Buy your slugs a (cheap) beer
Patricia in Greenbelt, Md. writes: "My organic veggies are up and growing, but I caught slugs on the beans. I heard about your beer suggestion and bought the cheapest, "Latrobe's Finest." (Any Penn Stater will know what I mean.) Well, this morning I found five dead drunken slugs in the beer!"
Good work, Patricia. Beer traps are a great way to identify slugs as the culprit when plant damage occurs overnight. The slugs are attracted to the beer, then overcome by the alcohol when they crawl in. To get the best results, put out small containers of fresh beer at sunset - not stale beer and not during heat of the day. In the morning, the containers will be filled with slugs if the little slimers were anywhere nearby.
Toss the bodies and beer into the woods and put out a fresh batch every evening until the problem is under control. Slugs won't go near day-old beer. (Nor will I!)
Mold in wood mulch; cedar is not immune
Dave in Dumfries, Va. writes: "We put a 'cedar blend' mulch down this year. We've used cedar in the past with no problems, but began to notice pieces of black mold appearing in the mulch and decided it was one of the nuisance fungi you've discussed. We removed the mulch, but are there other steps we should take, like treating the area with something? Plus, we're considering using pine fines to replace the cedar, and would appreciate your thoughts and guidance."

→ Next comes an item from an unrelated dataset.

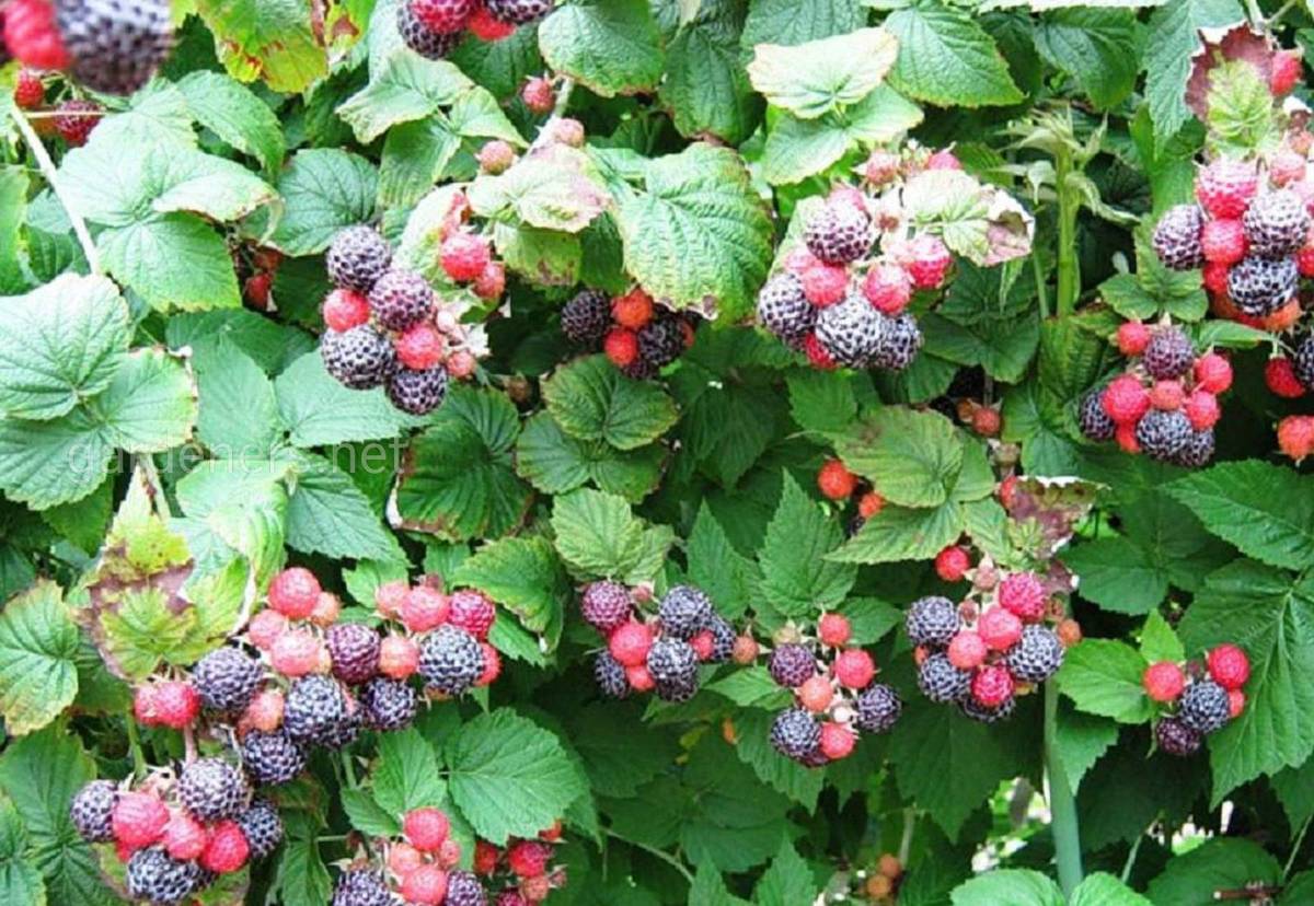 Это американская черная малина, гибрид ежевики обычной. Вьющиеся плети и плоды кумберленда часто путают с ежевикой, ведь по внешнему виду, силе роста кустарника, длине побегов, цвету и размеру ягод, черная малина действительно схожа с ежевикой. Но вкусовые нотки всё же характерны для малиновых ягод. Плоды черной малины при достижении технической спелости покрываются белым налетом. Ветви растения дугообразной формы, темно-зеленые и усеянные множественными шипами. Растение не переносит засуху, нуждается в регулярном увлажнении почвы, осеней обрезке. Высаживают кумберленд у деревянных заборов, которые служат опорой растению.

Everyone who uses these foolish wood mulches will eventually experience mold or fungal issues, Dave, it's just a matter of time. Some folks get fungi-ed their first year; some not until after a decade of mulching, but sooner or later it happens to everyone who mulches with wood or bark. Luckily, removing the mulch ends the mold problem. No further action is necessary.
And the pine fines sound ... well, fine.
Garlic harvest guidelines
Time for all good garlic growers to keep a close eye on their stinking rose beds ... its harvest time. (At least it is if about one-third of your garlic plants are turning brown.)

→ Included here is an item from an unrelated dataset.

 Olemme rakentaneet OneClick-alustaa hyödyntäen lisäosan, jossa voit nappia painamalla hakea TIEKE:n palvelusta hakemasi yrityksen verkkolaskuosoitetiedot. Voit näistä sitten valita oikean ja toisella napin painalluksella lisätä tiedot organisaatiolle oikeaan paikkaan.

Now, different varieties of garlic mature at different times, the location of the patch can make a difference and everything seems to be coming in early this season. So if the leaves of your plants have some brown showing, pull up a test plant and check it out. If it looks like a big leek, wait another week. (Wash the 'baby garlic' well and chop it up for use in a garlic flavored dish.)
But if the underground bulb is fully formed and covered with a nice tight paper wrapper, harvest away. Pull the garlic out of the ground slooowly and carefully, and then cure it for a week or so in a cool, dry airy location ... on a screened porch under a ceiling fan would be ideal. Don't dry the bulbs in the sun or wash them. Any dirt will brush off easily once the bulbs are dry.
And do not wait too long to harvest. If garlic isn't harvested promptly, the wrappers will split open and the cloves will be ruined.
Garlic harvested late looks like George Washington's old dentures.